The tactile stimulation hypothesis proposes that the loss of the baculum in humans is linked to the female choice for tactile stimulation: a boneless penis would be more flexible, facilitating a larger range of copulatory positions and whole body movement, giving females greater general physical stimulation.[44]
The mating system shift hypothesis proposes that the shift towards monogamy as the dominant reproductive strategy may have reduced the intensity of copulatory and post-copulatory sexual selection, and made the baculum obsolete.[45][46]

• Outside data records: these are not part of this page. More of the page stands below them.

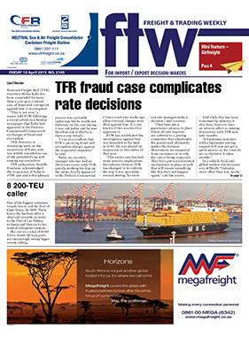 10 Apr 2015 Demand for mega carriers down 10 Apr 2015 AIRLINE BRIEFS 10 Apr 2015 Why people 'cheat' in the workplace 10 Apr 2015 SAA moves to Abu Dhabi hub 10 Apr 2015 City of CT to grill Sanral on toll fees 10 Apr 2015 TFR fraud case complicates rate decisions 10 Apr 2015 Airlines want buy-in from forwarders and shippers 10 Apr 2015 Airlines address cold chain demands on the ground 10 Apr 2015 Shipping companies offloading logistics arms 10 Apr 2015 TPT pleads terms and conditions 10 Apr 2015 8 200- TEU caller 10 Apr 2015 Spate of robberies at Ortia 10 Apr 2015 LAST WEEK'S TOP STORIES ON FTW ONLINE 10 Apr 2015 DUTY CALLS 10 Apr 2015 Online deliveries create new demands 10 Apr 2015 Automotive specialist set to diversify 10 Apr 2015
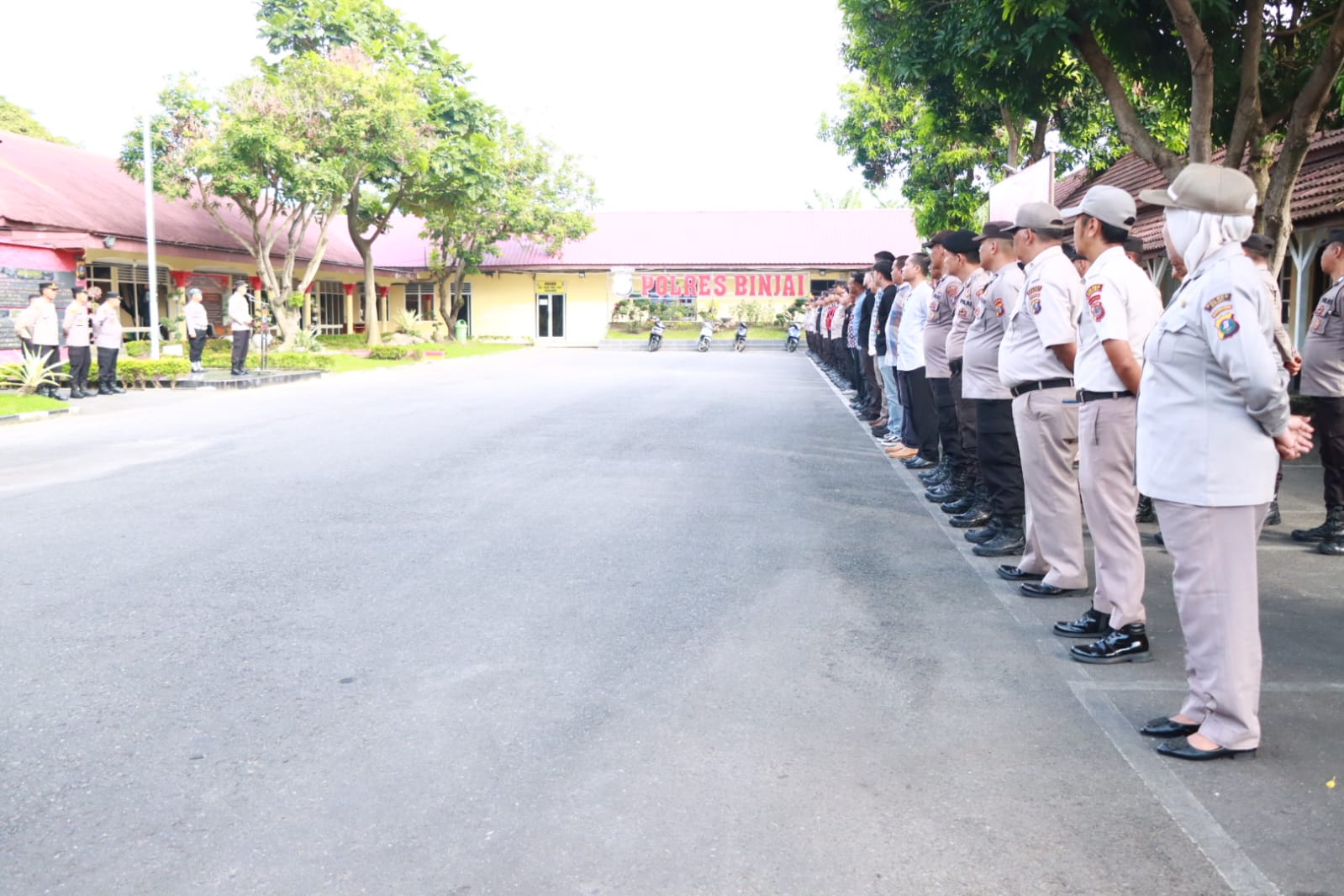 Kapolres Binjai juga mengingatkan personil untuk tetap jaga kekompakan dan kebersamaan sesama personil serta jalin sinergitas TNI-Polri mapun instansi terkait lainnya untuk mewujudkan kota Binjai tetap kondusif. tegas Akbp Bambang.
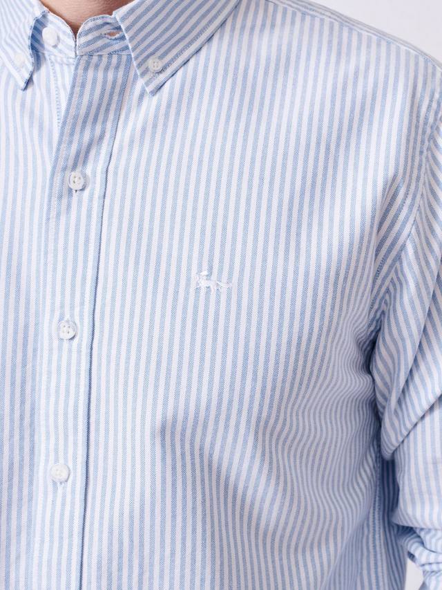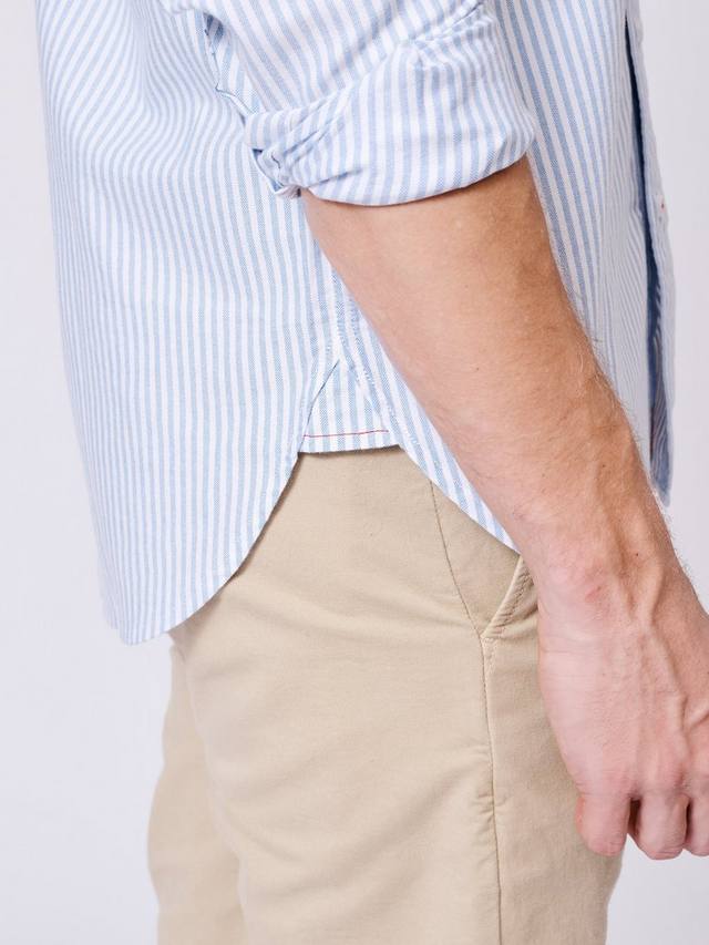 Полоски в стиле саржевого кроя – классика, делающая эту рубашку незаменимой вещью в любом гардеробе. Изготовлена из 100% хлопка.

Humans "evolved a mating system in which the male tended to accompany a particular female all the time to try to ensure paternity of her children"[15] which allows for frequent matings of short duration. Observation suggests that primates with a baculum only infrequently encounter females, but engage in longer periods of copulation that the baculum makes possible, thereby maximizing their chances of fathering the female's offspring. Human females exhibit concealed ovulation, also known as hidden estrus, meaning it is almost impossible to tell when the female is fertile (unless the cervical mucus is examined),[47] so frequent matings would be necessary to ensure paternity.[15][48][49]
Strengths and weaknesses of these hypotheses were revised in a 2021 study, which also proposed an alternative hypothesis: that conspecific aggression, in combination with the development of self-awareness, may have played a role in the loss. If the presence of a baculum exacerbated the prevalence and severity of penile injuries resulting from blunt trauma to a flaccid penis, increasing ability to foresee the consequences of their actions would also enable hominins to realise that these injuries are a useful tool in male-male competition. This behavioural innovation, planned conspecific aggression with the goal of temporary exclusion of competitors from the breeding pool, would create an environment in which a genetic mutation for a penis without a baculum (or with an unossified baculum) would strongly increase the fitness of the mutant phenotype. Along with the hominin propensity for social learning and cultural transmission, this hypothetical scenario may explain why this phenotype became fixed in all human populations.[50]
An alternative view is that its loss in humans is an example of neoteny during human evolution; late-stage fetal chimpanzees lack a baculum.[51]